_WORK ORDER_:
A faithful copy is required: retype the records from their first line through the line with "リーマンショックのおかげで自", and omit the pictures.

*** Opening of EXERCISE DATA ***

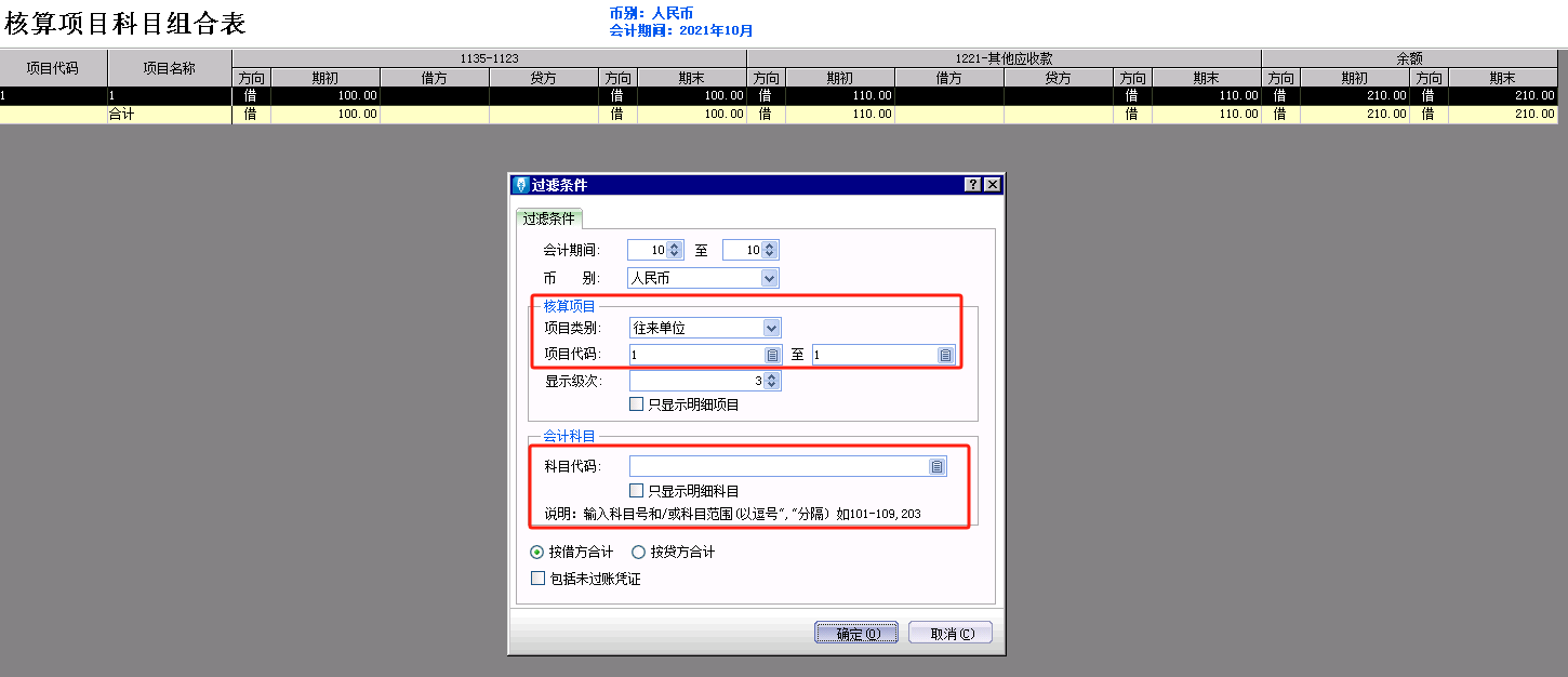 金蝶kis标准版财务系列如何查询某个核算项目中所有科目的发生?
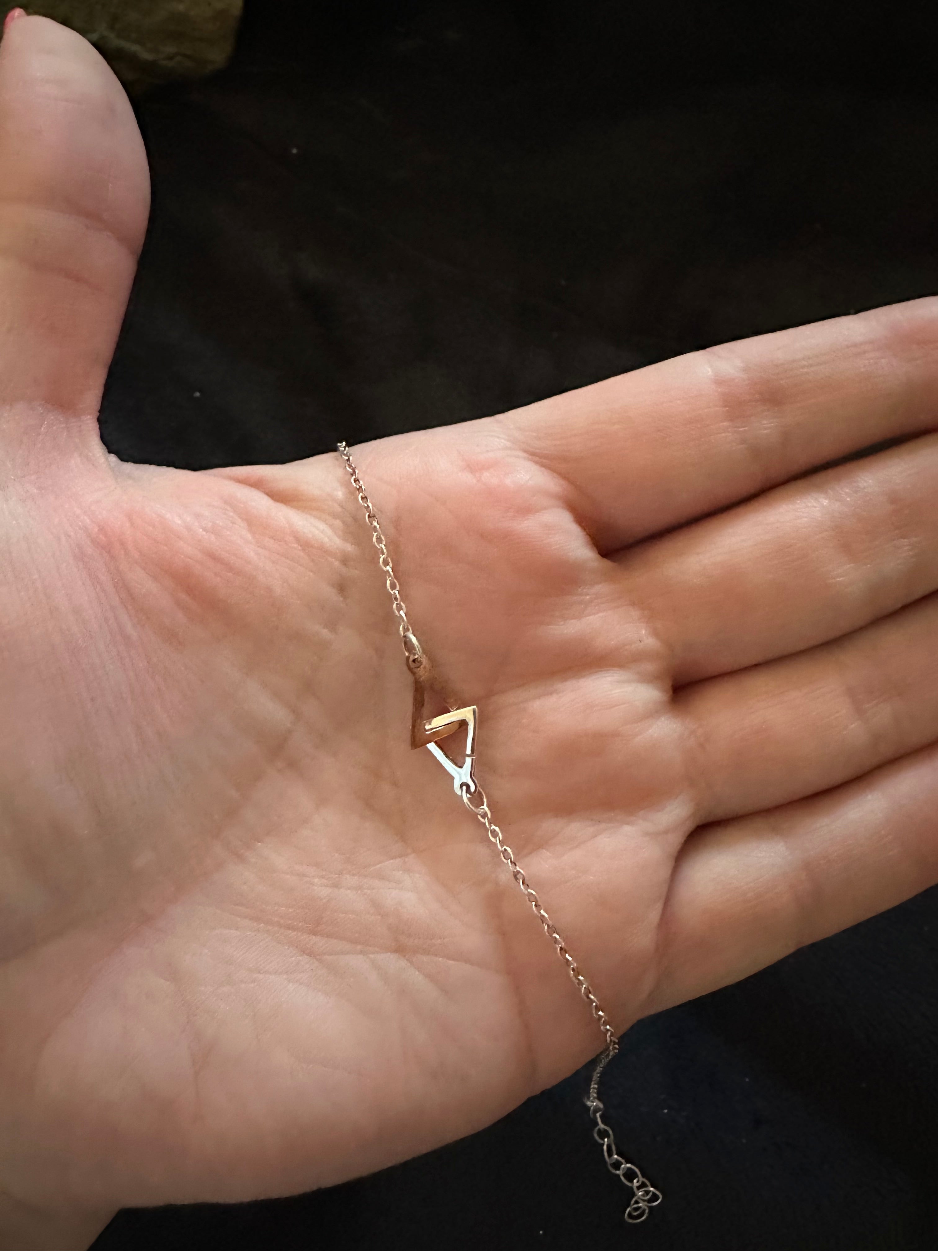 A subtle hint of copper in this very subtle bracelet make it a minimalist dream! An excellent everyday bracelet, and an easy gift to give! Measures 7 1/4" on the shortest ring, up to 8 1/2" at the end of the chain.
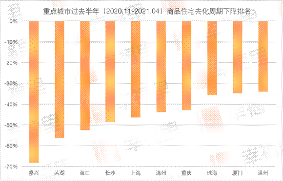 而從過去半年(2020年11月-2021年4月)去化周期情況變化來看,部分城市去化周期下降很快,嘉興、蕪湖、海口去化周期甚至出現腰斬現象。嘉興去化周期更是從2020年底的15個月,下降到2021年4月份的5個多月,去化周期降低幅度最大。
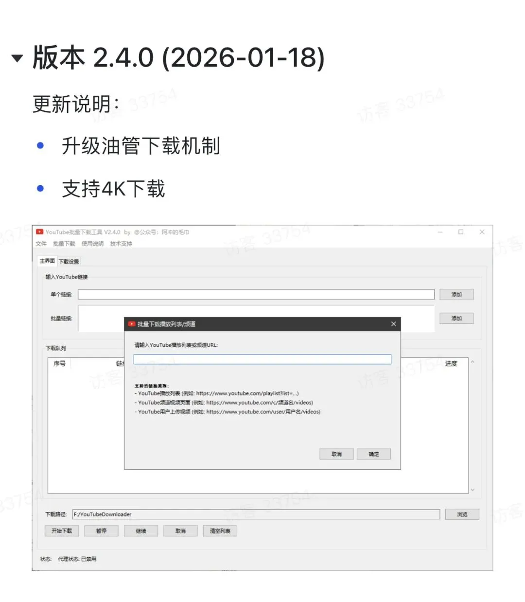 股东们,ytb下载器更新到 2.4.0 版本了,老版本即将失效,请尽快下载新版使用⬇️ ⬇️ ⬇️ 软件链接和验证码在文末
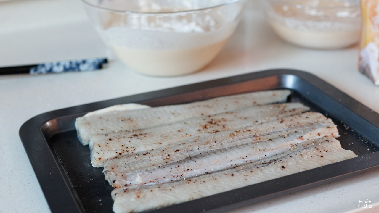- 재료에 튀김가루를 묻힌 뒤, 가볍게 털어낸다.
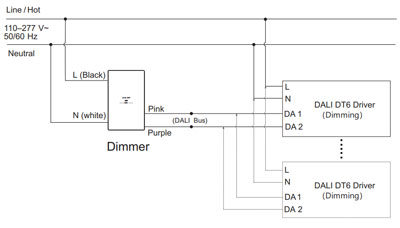 Nota 2: El regulador de intensidad y el controlador/decodificador DALI están conectados de forma independiente a la alimentación de entrada (red de CA).
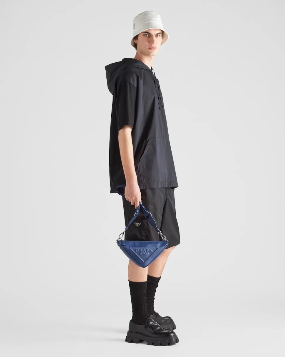 El concepto híbrido impregna la narrativa de Prada y se traduce en diseños innovadores con una mezcla interesante e inusual de materiales, formas y funciones. Las inserciones de algodón técnico subliman esta camiseta de punto Prada, prenda imprescindible de la marca y expresión de sencillez refinada, y le confieren un aspecto innovador. Este diseño holgado repleto de referencias al mundo del deporte cuenta con capucha y un amplio bolsillo tipo pouch que revoluciona su función.
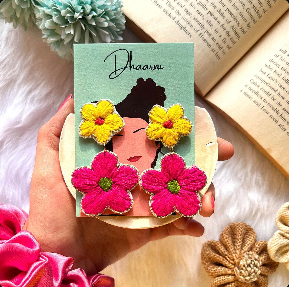 Introducing Flower Mom - the perfect accessory for summer outings! Made with premium yellow and pink threads, these earrings are sure to add a touch of fun and style to any outfit. Experience the beauty of nature with these colorful thread earrings. Order now!
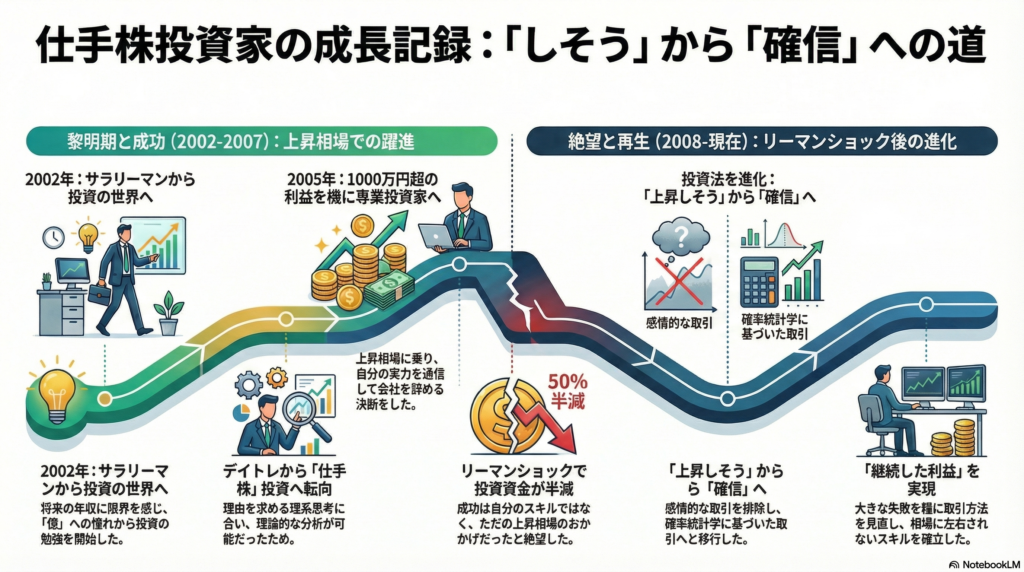 リーマンショックのおかげで自分の取引方法を一から見直すことができその結果、確信を追い求めた株式投資法が完成しました。
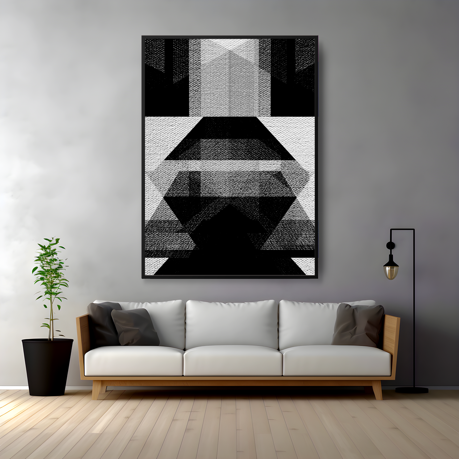 "Monochrome Kimono" stands as a masterful exploration of geometric abstraction, where stark contrasts and precise architectural forms coalesce into a contemporary interpretation of traditional Japanese aesthetics. The artist's sophisticated manipulation of positive and negative space centers on a commanding hexagonal motif, from which radiating trapezoids and planes suggest the elegant folds of a kimono rendered in modernist vocabulary. This museum-quality limited edition piece demonstrates exceptional technical precision through its nuanced grayscale transitions and distinctive textural qualities, achieving a remarkable balance between Constructivist rigidity and Eastern fluidity. The work's careful consideration of form and void, executed through contemporary production techniques on premium substrate, creates a compelling dialogue between traditional craftsmanship and modern artistic expression.
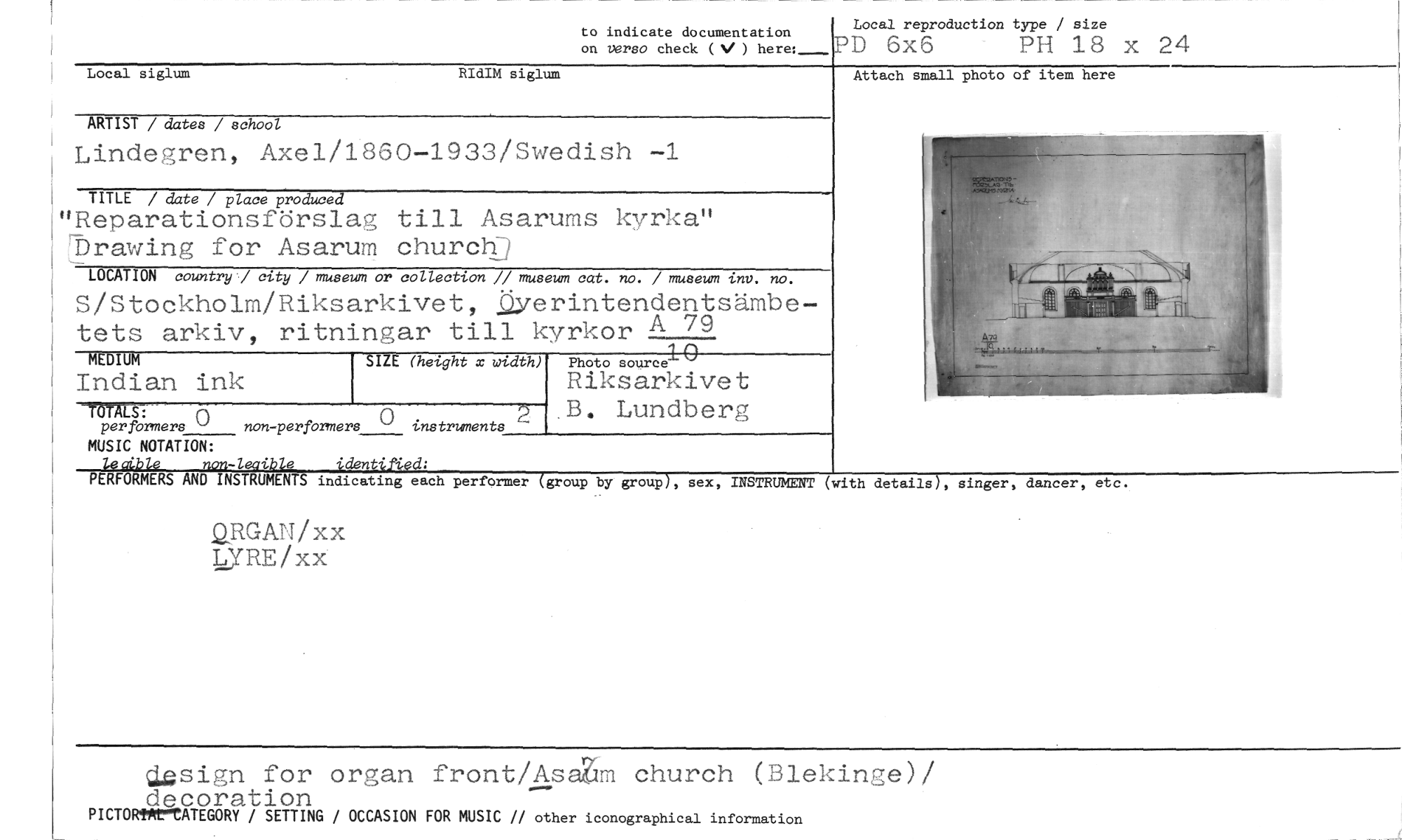 //// to indicate documentation on versa check ( V ) here: //// Local reproduction type / size //// FD 6x6 PH 18 x 24 //// ARTIST / dates / school //// Lindegren, Axel/1860-1933/Swedish -1 //// TITLE / date / place produced //// "Reparationsförslag till Asarums kyrka" 715rawing for Asarum church3 //// LOCATION countryj city / museum or collection // museum cat. no. / museum tnv. no. //// S/Stockholm/Riksarkivet, Dyerintendentsämbetets arkiv, ritningar till kyrkor Ill //// MEDIUM SIZE (height x width) Photo souree //// Indian ink Riksarkivet //// B. Lundberg //// -rams, //// perfbrmers non-performers (3 instruments '- //// MUSIC NOTATION: //// Attach small photo of item here //// Local siglum RIdIM siglum //// lecmhie non-leaible identffled: //// PERFORMERS AND INSTRUMENTS indicating each performer (group by group), sex, INSTRUMENT (with details), singer, dancer, etc. //// QRGAN/xx 6YRE/xx //// Usign for organ front/Asarbm church (Blekinge)/ decoration //// PICTOR~tATEGORY / SETTING / OCCASION FOR MUSIC // other iconographical information ////

*** Close of EXERCISE DATA ***

_REPLY TO THE TASK_:
 金蝶kis标准版财务系列如何查询某个核算项目中所有科目的发生?
 A subtle hint of copper in this very subtle bracelet make it a minimalist dream! An excellent everyday bracelet, and an easy gift to give! Measures 7 1/4" on the shortest ring, up to 8 1/2" at the end of the chain.
 而從過去半年(2020年11月-2021年4月)去化周期情況變化來看,部分城市去化周期下降很快,嘉興、蕪湖、海口去化周期甚至出現腰斬現象。嘉興去化周期更是從2020年底的15個月,下降到2021年4月份的5個多月,去化周期降低幅度最大。
 股东们,ytb下载器更新到 2.4.0 版本了,老版本即将失效,请尽快下载新版使用⬇️ ⬇️ ⬇️ 软件链接和验证码在文末
- 재료에 튀김가루를 묻힌 뒤, 가볍게 털어낸다.
 Nota 2: El regulador de intensidad y el controlador/decodificador DALI están conectados de forma independiente a la alimentación de entrada (red de CA).
 El concepto híbrido impregna la narrativa de Prada y se traduce en diseños innovadores con una mezcla interesante e inusual de materiales, formas y funciones. Las inserciones de algodón técnico subliman esta camiseta de punto Prada, prenda imprescindible de la marca y expresión de sencillez refinada, y le confieren un aspecto innovador. Este diseño holgado repleto de referencias al mundo del deporte cuenta con capucha y un amplio bolsillo tipo pouch que revoluciona su función.
 Introducing Flower Mom - the perfect accessory for summer outings! Made with premium yellow and pink threads, these earrings are sure to add a touch of fun and style to any outfit. Experience the beauty of nature with these colorful thread earrings. Order now!
 リーマンショックのおかげで自分の取引方法を一から見直すことができその結果、確信を追い求めた株式投資法が完成しました。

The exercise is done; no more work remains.